→ **Task details**:
Please give again exactly the lines from the top of the material through the line with "2017年10月1日,借此双"; omit each picture.

→ **Data shown**:
....

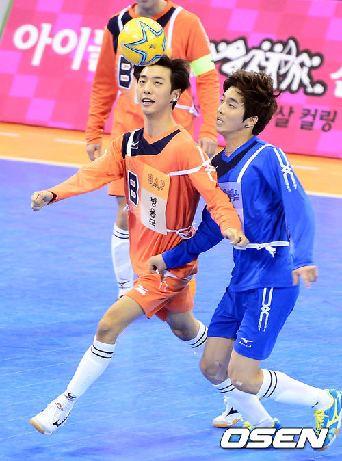 13일 오전 서울 잠실 학생체육관에서 열린 MBC '아이돌스타 육상 양궁 풋살 컬링 선수권 대회'(이하 '아육대')현장공개에서 방용국이 볼을 다루고 있다.
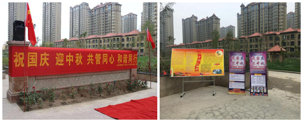 2017年10月1日,借此双节来临之际,众和为物业朝阳雅居物业中心于朝阳雅居东门广场举行了以“祝国庆、迎中秋;共管同心、和谐同行”为主题的有奖游戏互动活动。众和为希望以此方式在这入秋的北国家园里,将暖意传递到业主心间,让朝阳雅居大家庭越来越美。
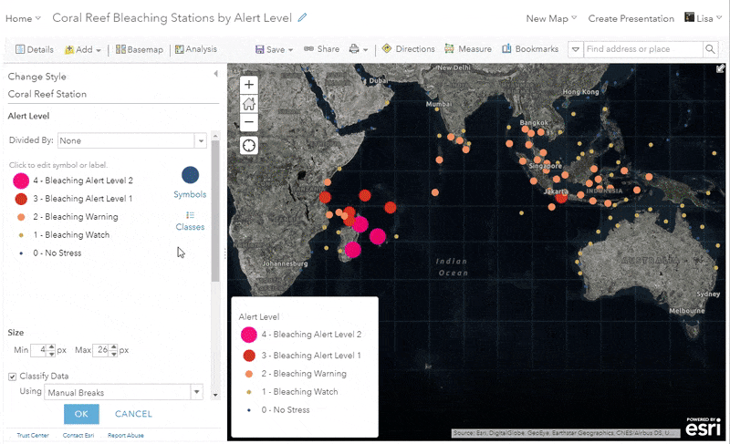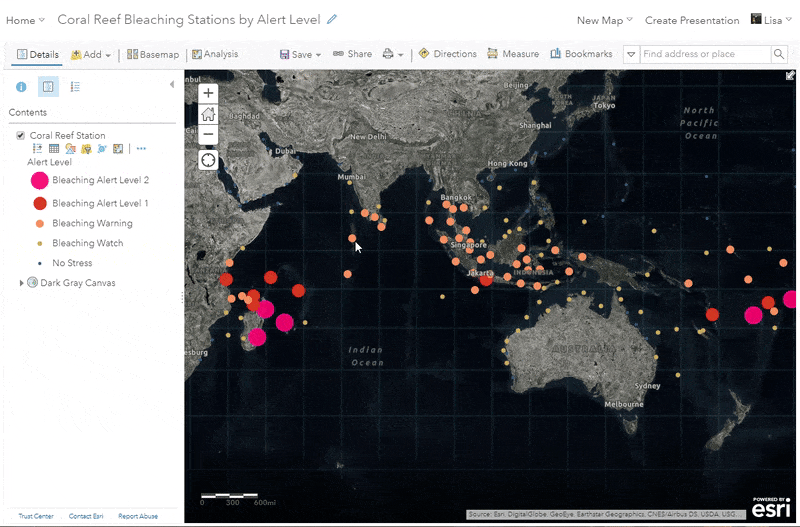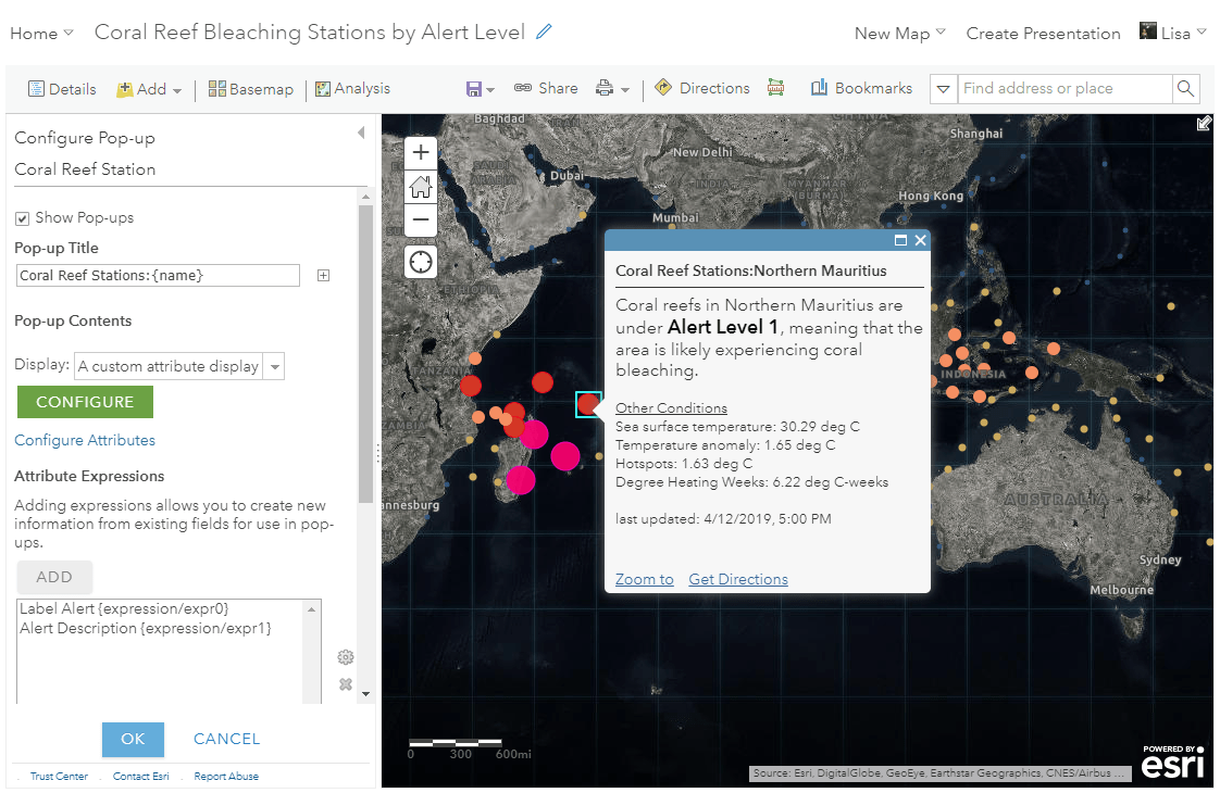 Want to make your maps easier to understand? One way to do this is to bring the colors from your map into your pop-up text. For example, this map uses this technique to show coral reef stations by the level of bleaching that is predicted to occur in different parts of the ocean. Notice how each symbol’s alert color matches the pop-up text when clicking on different stations.

....

→ **Completed exercise**:
 13일 오전 서울 잠실 학생체육관에서 열린 MBC '아이돌스타 육상 양궁 풋살 컬링 선수권 대회'(이하 '아육대')현장공개에서 방용국이 볼을 다루고 있다.
 2017年10月1日,借此双节来临之际,众和为物业朝阳雅居物业中心于朝阳雅居东门广场举行了以“祝国庆、迎中秋;共管同心、和谐同行”为主题的有奖游戏互动活动。众和为希望以此方式在这入秋的北国家园里,将暖意传递到业主心间,让朝阳雅居大家庭越来越美。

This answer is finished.